Sorry, you lost me a long time ago. I thought the war was a mistake from the beginning. I respect Hitchens but I disagree on Bush. Hitchens implies that the only reason people don't like Bush is because of his manner of speech. That's ridiculous. I resent the implication that any who don't share the Bush/neocon position are appeasers or don't recognize the evil of the terrorists. The war has done nothing but make things worse. The foreign policy community (not just liberals) is virtually unanimous about that. Moreover, I can't abide Bush's unwillingness to question, his lack of intellectualy curiosity, his willy-one note on taxation and regulation, his swarmy sucking up to the religious fundamentalists, his utter lack of regard for civil liberties, his rejection of legitimate science on virtually everything in favor of pseudo-science that favors corporate interests, his disregard of any opinion that differs from his own. If I thought his positon on foreign policy was substantially better than Kerry's, it might be different, but i don't.

Posted by: MWS at November 1, 2004 09:42 AM

I've followed Hitchens' writing over the past two years at Slate, and I'm not even remotely surprised that he has endorsed both Kerry and Bush separately.

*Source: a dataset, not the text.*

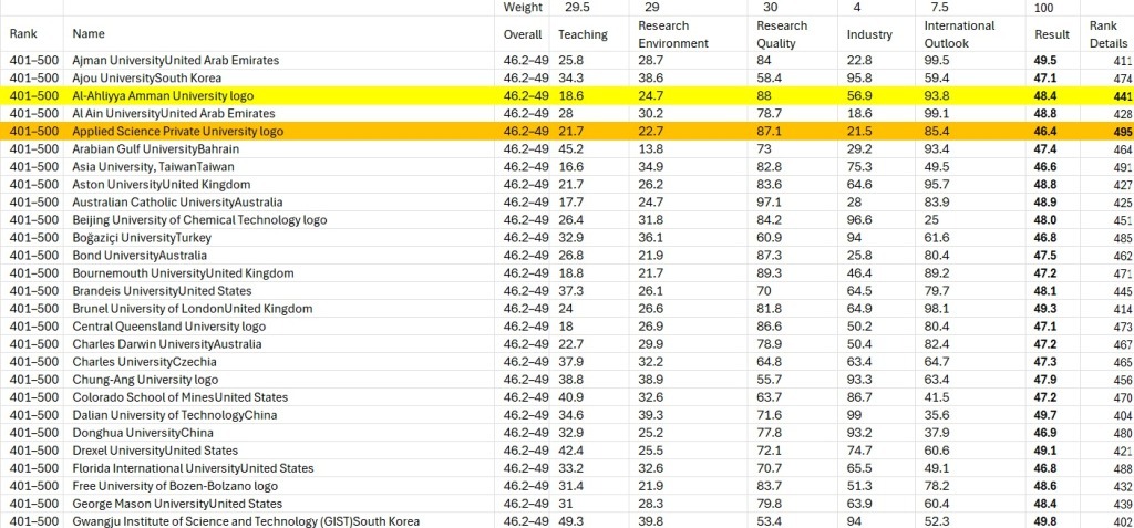 جدول تصنيف التايمز المرفق يظهر عمان الاهلية الأولى محلياً بلا منازع في المرتبة 441 ضمن الفئة 401 – 500 عالمياً

In fact, I'd go so far as to say he's not entirely functioning at full mental capacity any more (keep in mind he wrote a scathing, inappropriate, and just cruel teardown of Ronald Reagan a day after he passed away).

Very little of what he has written has made very clear logical sense. His defense of Ahmed Chalabi and his attempts to explain the forged Niger document (it was a forged copy of a real document!) didn't even pass the laugh test. My favorite though was his article in late 2002 saying that Bush is not rushing to war because we've waited long enough for Saddam to disarm.

Hitchens defection from the left to support Bush at this time has actually had the opposite effect on a left-leaning moderate like myself. It's made me more aware of the fact that the political division in this country has centered around those who see gray area and nuance and those who don't. In the 80s, Hitchens saw clear lines of good and evil (Reagan was evil), and now he sees clear lines of good and evil again (Saddam was evil). That's not a revelation. That's intellectual laziness, and it's as far from what a centrist should value as anything could possibly be.